Data to use below:
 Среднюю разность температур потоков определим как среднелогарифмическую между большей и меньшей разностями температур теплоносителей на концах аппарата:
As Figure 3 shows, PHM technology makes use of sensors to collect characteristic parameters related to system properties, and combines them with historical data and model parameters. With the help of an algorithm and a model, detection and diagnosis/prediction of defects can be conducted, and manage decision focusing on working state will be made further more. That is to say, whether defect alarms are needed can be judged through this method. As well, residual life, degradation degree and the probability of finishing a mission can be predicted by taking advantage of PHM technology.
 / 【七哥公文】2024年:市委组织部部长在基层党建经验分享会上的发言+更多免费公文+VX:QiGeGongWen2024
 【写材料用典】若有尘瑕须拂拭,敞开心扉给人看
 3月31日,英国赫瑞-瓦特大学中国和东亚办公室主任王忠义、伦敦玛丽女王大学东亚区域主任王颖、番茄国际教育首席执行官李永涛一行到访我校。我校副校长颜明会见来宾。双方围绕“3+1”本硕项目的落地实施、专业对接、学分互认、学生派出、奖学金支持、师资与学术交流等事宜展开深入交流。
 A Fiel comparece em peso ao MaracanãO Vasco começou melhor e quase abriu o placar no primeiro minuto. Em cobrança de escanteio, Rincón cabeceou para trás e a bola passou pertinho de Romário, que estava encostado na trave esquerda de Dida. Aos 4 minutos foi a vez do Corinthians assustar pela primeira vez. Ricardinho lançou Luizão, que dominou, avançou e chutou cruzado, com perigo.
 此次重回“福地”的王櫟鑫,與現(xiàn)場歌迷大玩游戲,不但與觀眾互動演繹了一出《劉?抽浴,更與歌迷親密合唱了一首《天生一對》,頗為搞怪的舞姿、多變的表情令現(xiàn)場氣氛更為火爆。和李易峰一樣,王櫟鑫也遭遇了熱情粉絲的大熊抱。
End of Data to use.
Data to use below:
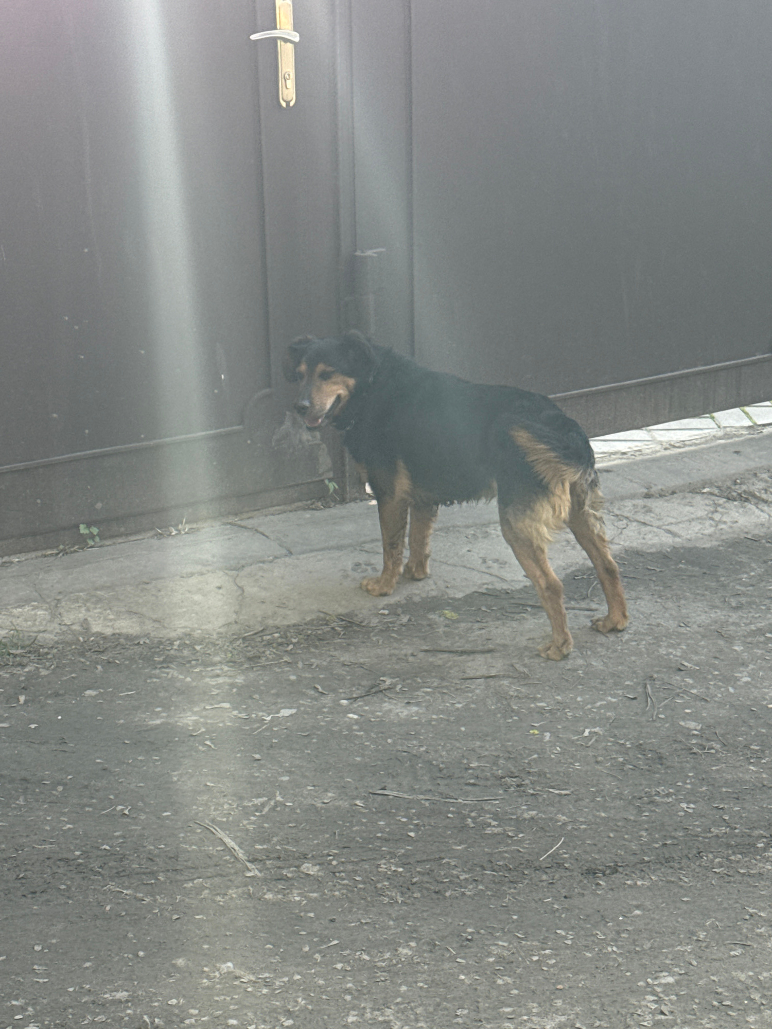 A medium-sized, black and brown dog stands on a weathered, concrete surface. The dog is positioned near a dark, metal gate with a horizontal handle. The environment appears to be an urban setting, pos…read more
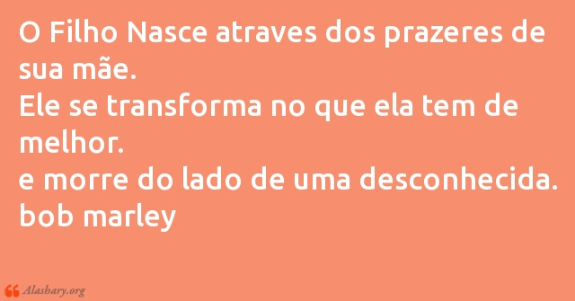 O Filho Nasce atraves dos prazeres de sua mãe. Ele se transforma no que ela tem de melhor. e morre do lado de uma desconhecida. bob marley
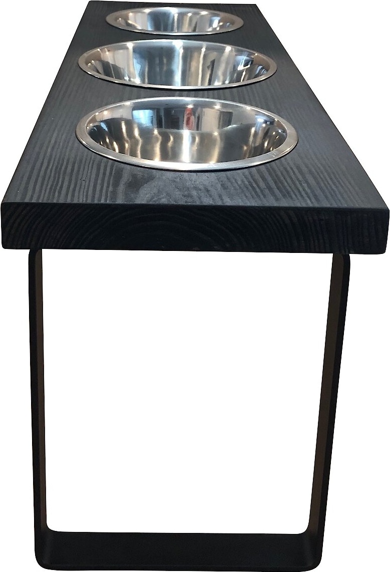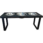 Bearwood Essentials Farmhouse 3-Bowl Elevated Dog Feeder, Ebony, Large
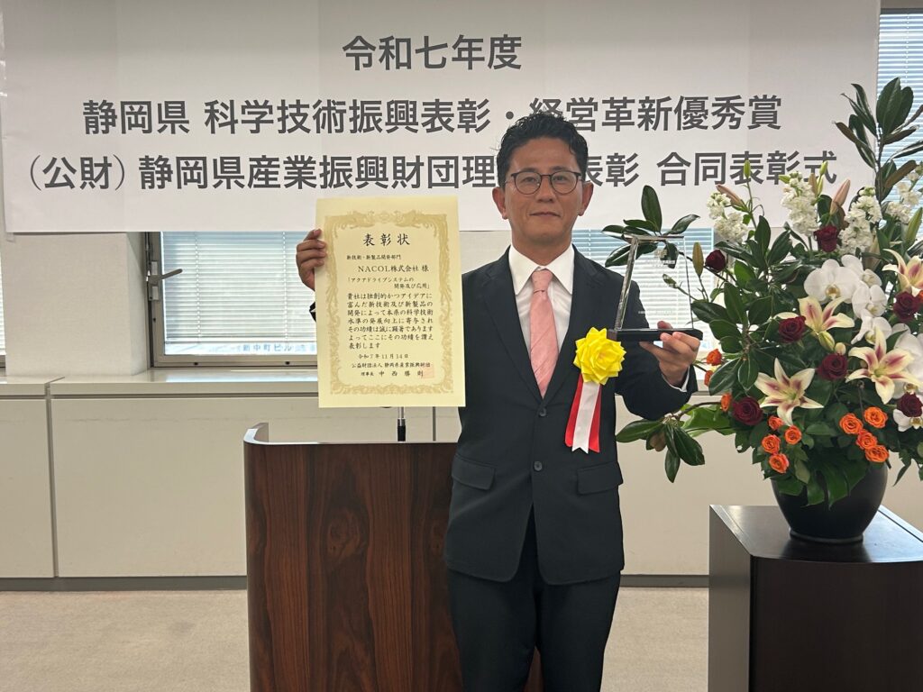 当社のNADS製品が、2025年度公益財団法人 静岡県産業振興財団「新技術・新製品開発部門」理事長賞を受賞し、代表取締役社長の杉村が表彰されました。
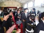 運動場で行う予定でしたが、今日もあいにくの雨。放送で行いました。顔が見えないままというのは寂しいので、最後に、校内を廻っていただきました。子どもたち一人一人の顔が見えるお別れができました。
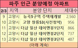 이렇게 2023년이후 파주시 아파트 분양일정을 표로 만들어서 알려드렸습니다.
End of Data to use.
• **Your goal**:
Find the line with "O Filho Nasce" and the line with "이렇게 2023년이후 파주시 아파트 분양일정을 표로 만들어서 알려드렸습니다." in the records above. Copy both and all lines between them exactly, without pictures.

• **Reply to the task**:
 O Filho Nasce atraves dos prazeres de sua mãe. Ele se transforma no que ela tem de melhor. e morre do lado de uma desconhecida. bob marley
 Bearwood Essentials Farmhouse 3-Bowl Elevated Dog Feeder, Ebony, Large
 当社のNADS製品が、2025年度公益財団法人 静岡県産業振興財団「新技術・新製品開発部門」理事長賞を受賞し、代表取締役社長の杉村が表彰されました。
 運動場で行う予定でしたが、今日もあいにくの雨。放送で行いました。顔が見えないままというのは寂しいので、最後に、校内を廻っていただきました。子どもたち一人一人の顔が見えるお別れができました。
 이렇게 2023년이후 파주시 아파트 분양일정을 표로 만들어서 알려드렸습니다.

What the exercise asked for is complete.